What is being asked — Transcribe exactly, leaving out pictures, the lines from the one that holds "Rapat tersebut diikuti" through the end of the data below, including both end lines and no others.

** Exercise data follows **

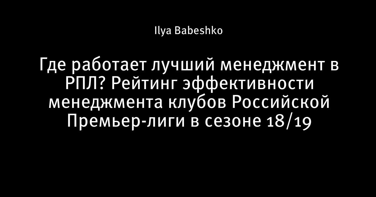 Где работает лучший менеджмент в РПЛ? Рейтинг эффективности менеджмента клубов Российской Премьер-лиги в сезоне 18/19
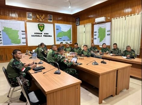 Rapat tersebut diikuti oleh para Asisten Kodam, perwira staf operasi, serta perwakilan satuan kewilayahan jajaran Kodam XXIV/Mandala Trikora, baik yang hadir langsung di Makodam maupun yang mengikuti melalui Vicon.
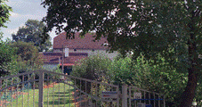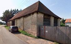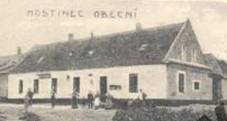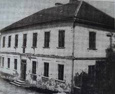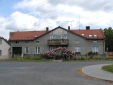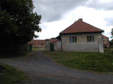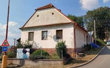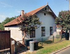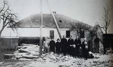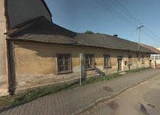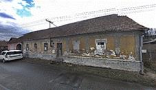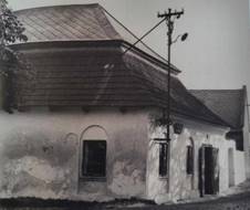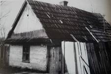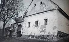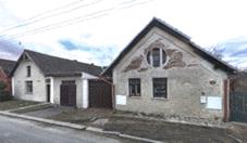 Druhá vpravo od kostela s malbou…., malba zničena při

** End of Exercise data **

Task response —
 Rapat tersebut diikuti oleh para Asisten Kodam, perwira staf operasi, serta perwakilan satuan kewilayahan jajaran Kodam XXIV/Mandala Trikora, baik yang hadir langsung di Makodam maupun yang mengikuti melalui Vicon.
 Druhá vpravo od kostela s malbou…., malba zničena při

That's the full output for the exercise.